Details

    • Technical task
    • Resolution: Fixed
    • Major
    • Lustre 2.6.0, Lustre 2.5.1
    • Lustre 2.5.0
    • 9136

    Description

      Running the HSM stack as of July 15 2013, I see a hang when a release is issued while a restore is still running. To reproduce I run the following:

      #!/bin/bash
      
      export MOUNT_2=n
      export MDSCOUNT=1
      export PTLDEBUG="super inode ioctl warning dlmtrace error emerg ha rpctrace vfstrace config console"
      export DEBUG_SIZE=512
      
      hsm_root=/tmp/hsm_root
      
      rm -rf $hsm_root
      mkdir $hsm_root
      
      llmount.sh
      
      lctl conf_param lustre-MDT0000.mdt.hsm_control=enabled
      # lctl conf_param lustre-MDT0001.mdt.hsm_control=enabled
      sleep 10
      lhsmtool_posix --verbose --hsm_root=$hsm_root --bandwidth 1 lustre
      
      lctl dk > ~/hsm-0-mount.dk
      
      set -x
      cd /mnt/lustre
      lfs setstripe -c2 f0
      dd if=/dev/urandom of=f0 bs=1M count=100
      lctl dk > ~/hsm-1-dd.dk
      
      lfs hsm_archive f0
      sleep 10
      echo > /proc/fs/lustre/ldlm/dump_namespaces
      lctl dk > ~/hsm-2-archive.dk
      
      lfs hsm_release f0
      echo > /proc/fs/lustre/ldlm/dump_namespaces
      lctl dk > ~/hsm-3-release.dk
      
      lfs hsm_restore f0
      echo > /proc/fs/lustre/ldlm/dump_namespaces
      lctl dk > ~/hsm-4-restore.dk
      
      lfs hsm_release f0
      

      with the last command never returning.

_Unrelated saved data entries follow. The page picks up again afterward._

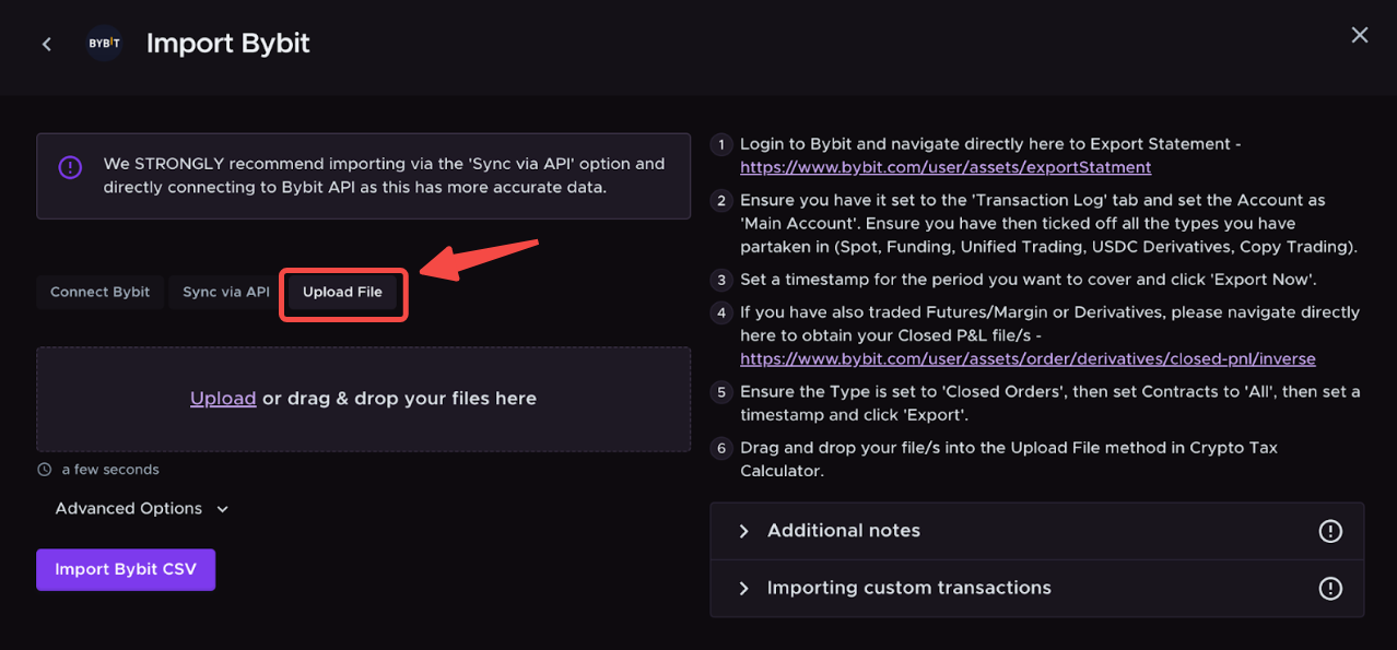 Step 3: You can choose to import your Bybit transaction data into Crypto Tax Calculator by either API connection or CSV upload.
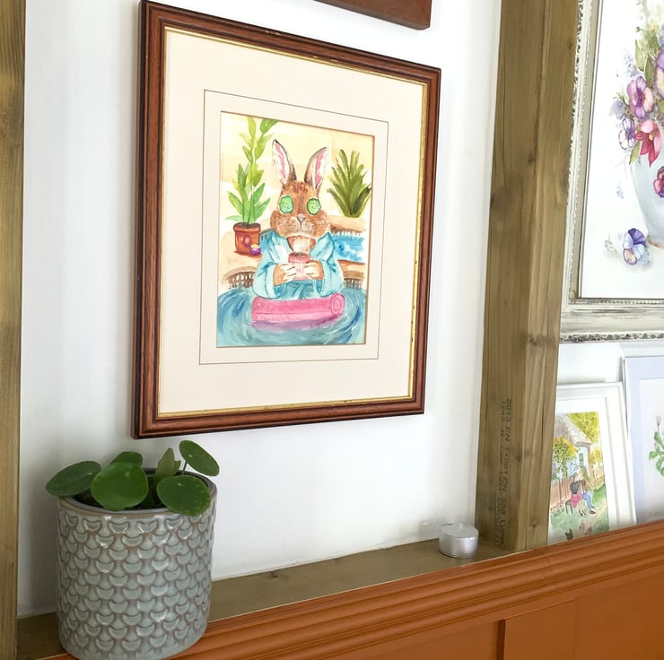 Start the new year with a smile and a little bunny love. Calm as a cucumber - bunny in the spa - hand-painted watercolour featuring a spa-loving rabbit indulging in some serious self-care. Perfect for January gifting, bathroom décor, nursery art or a quirky gallery wall. Makes a thoughtful gift for wellness lovers, bunny fans, or anyone who needs a gentle nudge to relax or anyone embracing a fresh, cosy reset.
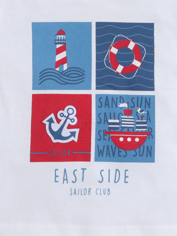 Bring playful summer style to your little one’s wardrobe with this charming nautical-inspired T-shirt and shorts set. The off-white T-shirt features a colourful sea-themed print with classic nautical icons, while the matching red shorts add a bold pop of colour. Designed for comfort and easy movement, this set is perfect for everyday wear, outings, and warm-weather playtime.
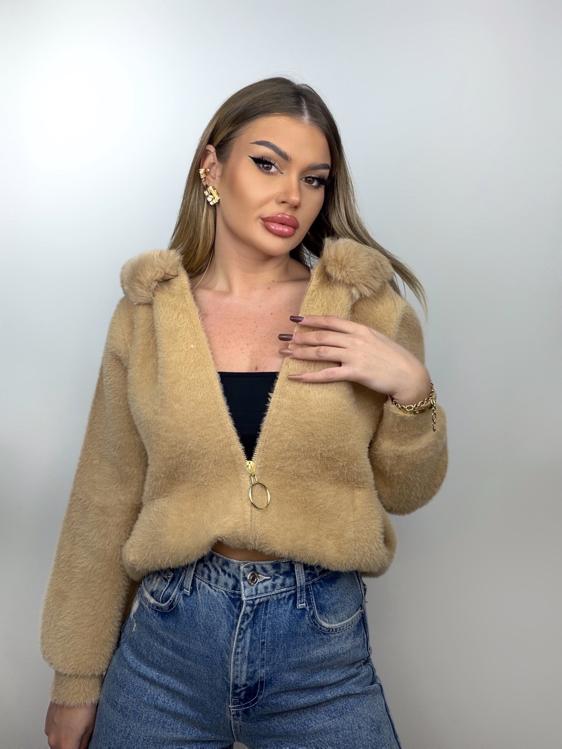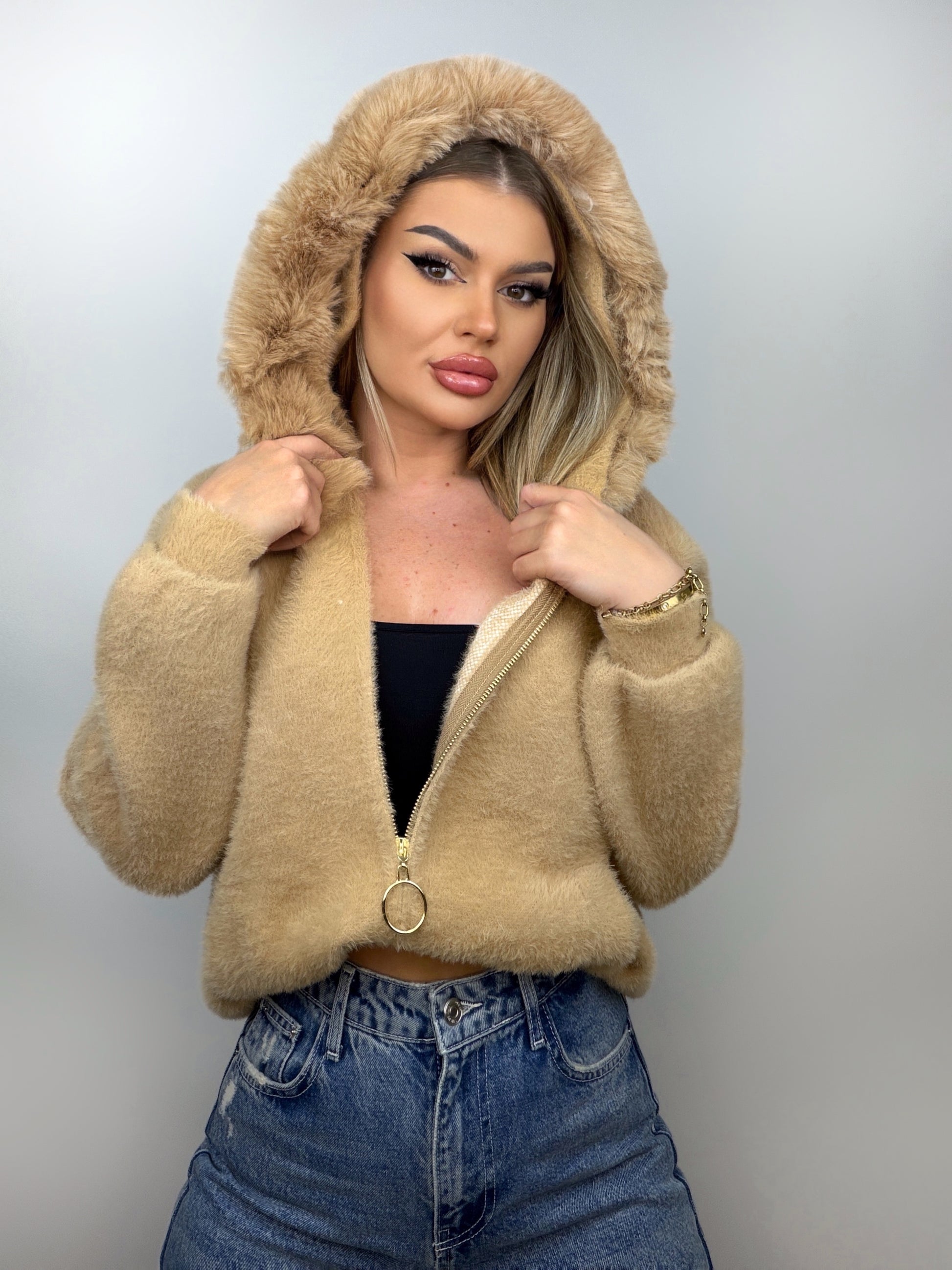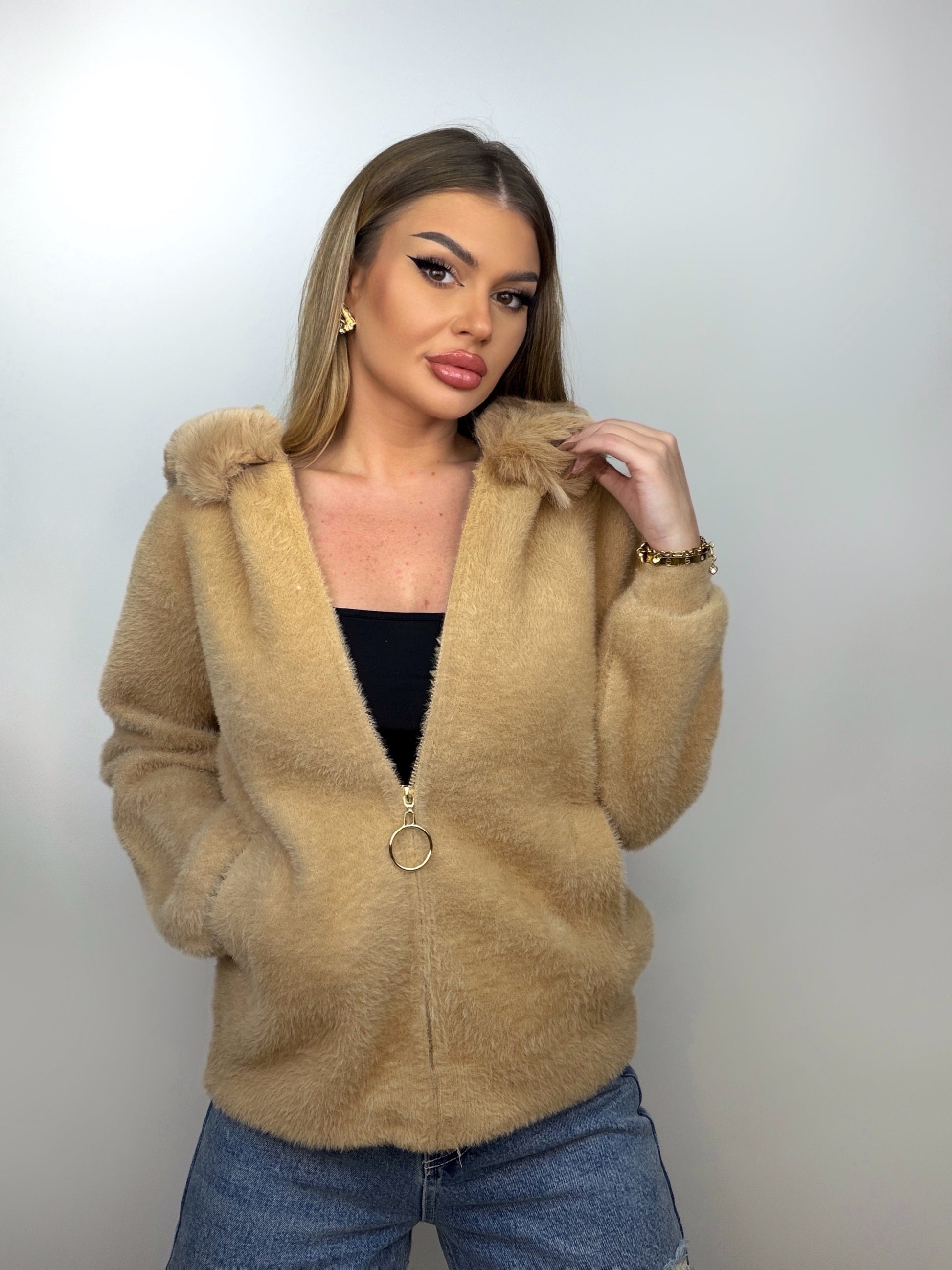 Jachetă bej, realizată dintr-un material foarte pufos, elastic și extrem de confortabil, cu croială largă pentru un look relaxat. Are blăniță scurtă și delicată, închidere cu fermoar și glugă cu blăniță detașabilă, ideală pentru zilele răcoroase. O piesă cozy și versatilă, perfectă pentru un stil casual cu accente moderne.
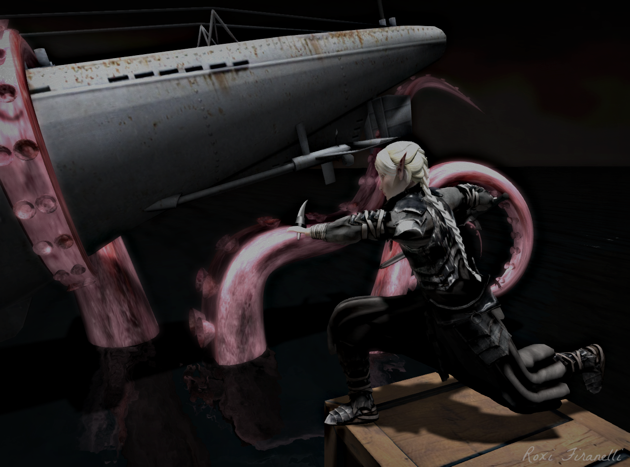 I had been wandering with some peeps at this really interesting sim called Circus of Sins. Interesting is a nice polite vanilla word for this place btw. When you rezz in, one of the first things you see is this ship/sub being pulled under by a shockingly pink octopus. That did it for me as I have a well known affinity for a cute octopus. So here Ben is, wearing his kick ass PFC outfit and getting ready to save the world from a crazed marauding pink octopus. It could happen. There are stories such as this one waiting to happen all over the sim with photo ops everywhere….many that can’t be put in a pg Flick’r stream. It is not for the weak at heart or for anyone with leanings towards prudishness (hell, the plane flying into the giant vajayjay made me squirm (and not in the good way). Makes the elephant stomping a man into the ground or the alligator eating a guy look docile by comparison. Perhaps for my next guy pic I’ll go save one of them…..or go sit on top one of the giant boobs squirting milk. Gotta go see now, don’t ya!?
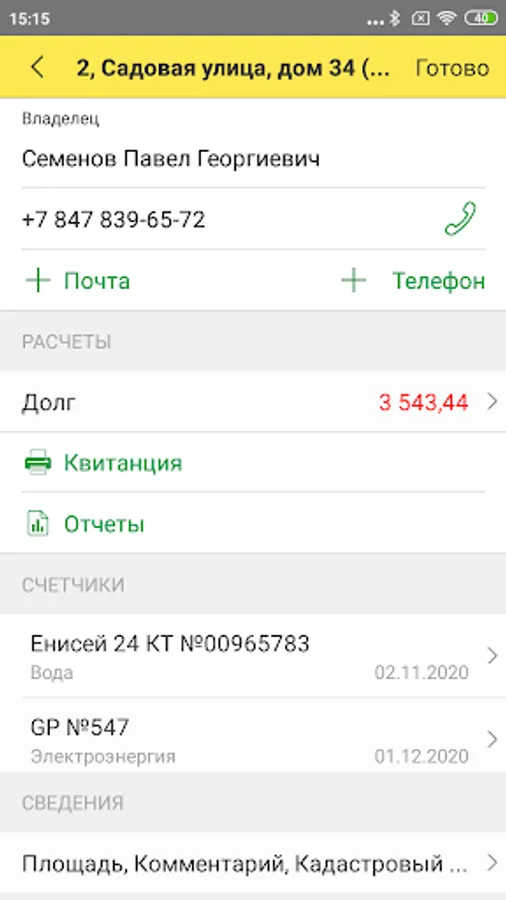 Doesn't require constant Internet access: enter meter readings and view the data on outstanding contributions anywhere. The application will carefully save the data and send it to 1C: Gardener as soon as possible or at your first request.
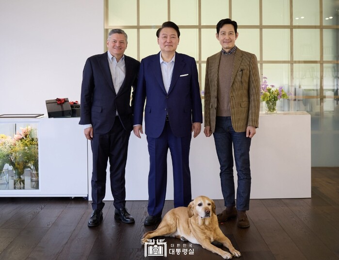 尹 대통령, 넷플릭스 테드 서랜도 공동대표와 이정재 씨 관저로 초청해 한미 문화동맹 발전 등의 주제로 대화 나눠
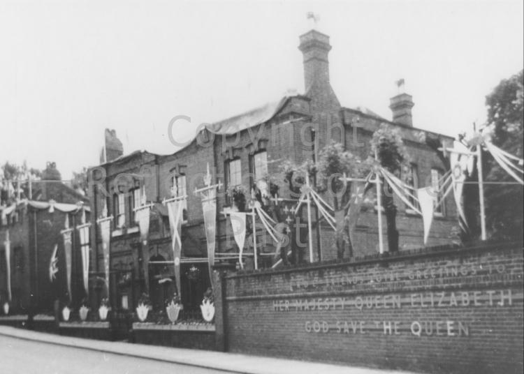 Government House, Highbridge Street. The message on the wall reads 'E.R.D.E. extends loyal greetings to Her Majesty Queen Elizabeth 2nd, God save The Queen'. Coronation, June 1953.

The MDS_CLOSE handler looks like

      10070
      [<ffffffffa0f9866e>] cfs_waitq_wait+0xe/0x10 [libcfs]
      [<ffffffffa124826a>] ldlm_completion_ast+0x57a/0x960 [ptlrpc]
      [<ffffffffa1247920>] ldlm_cli_enqueue_local+0x1f0/0x5c0 [ptlrpc]
      [<ffffffffa08cee3b>] mdt_object_lock0+0x33b/0xaf0 [mdt]
      [<ffffffffa08cf6b4>] mdt_object_lock+0x14/0x20 [mdt]
      [<ffffffffa08f9551>] mdt_mfd_close+0x351/0xde0 [mdt]
      [<ffffffffa08fb372>] mdt_close+0x662/0xa60 [mdt]
      [<ffffffffa08d2c07>] mdt_handle_common+0x647/0x16d0 [mdt]
      [<ffffffffa090c9e5>] mds_readpage_handle+0x15/0x20 [mdt]
      [<ffffffffa12813d8>] ptlrpc_server_handle_request+0x398/0xc60 [ptlrpc]
      [<ffffffffa128275d>] ptlrpc_main+0xabd/0x1700 [ptlrpc]
      [<ffffffff81096936>] kthread+0x96/0xa0
      [<ffffffff8100c0ca>] child_rip+0xa/0x20
      [<ffffffffffffffff>] 0xffffffffffffffff
      

      while the MDS_HSM_PROGRESS handler looks like:

      10065
      [<ffffffffa0f9866e>] cfs_waitq_wait+0xe/0x10 [libcfs]
      [<ffffffffa124826a>] ldlm_completion_ast+0x57a/0x960 [ptlrpc]
      [<ffffffffa1247920>] ldlm_cli_enqueue_local+0x1f0/0x5c0 [ptlrpc]
      [<ffffffffa08cee3b>] mdt_object_lock0+0x33b/0xaf0 [mdt]
      [<ffffffffa08cf6b4>] mdt_object_lock+0x14/0x20 [mdt]
      [<ffffffffa08cf721>] mdt_object_find_lock+0x61/0x170 [mdt]
      [<ffffffffa091dc22>] hsm_get_md_attr+0x62/0x270 [mdt]
      [<ffffffffa0923253>] mdt_hsm_update_request_state+0x4d3/0x1c20 [mdt]
      [<ffffffffa091ae6e>] mdt_hsm_coordinator_update+0x3e/0xe0 [mdt]
      [<ffffffffa090931b>] mdt_hsm_progress+0x21b/0x330 [mdt]
      [<ffffffffa08d2c07>] mdt_handle_common+0x647/0x16d0 [mdt]
      [<ffffffffa090ca05>] mds_regular_handle+0x15/0x20 [mdt]
      [<ffffffffa12813d8>] ptlrpc_server_handle_request+0x398/0xc60 [ptlrpc]
      [<ffffffffa128275d>] ptlrpc_main+0xabd/0x1700 [ptlrpc]
      [<ffffffff81096936>] kthread+0x96/0xa0
      [<ffffffff8100c0ca>] child_rip+0xa/0x20
      [<ffffffffffffffff>] 0xffffffffffffffff
      

      The close handler is waiting on an EX layout lock on f0. While the
      progress handler is waiting on PW update lock on f0. dump_namespaces does not show that the UPDATE lock is granted.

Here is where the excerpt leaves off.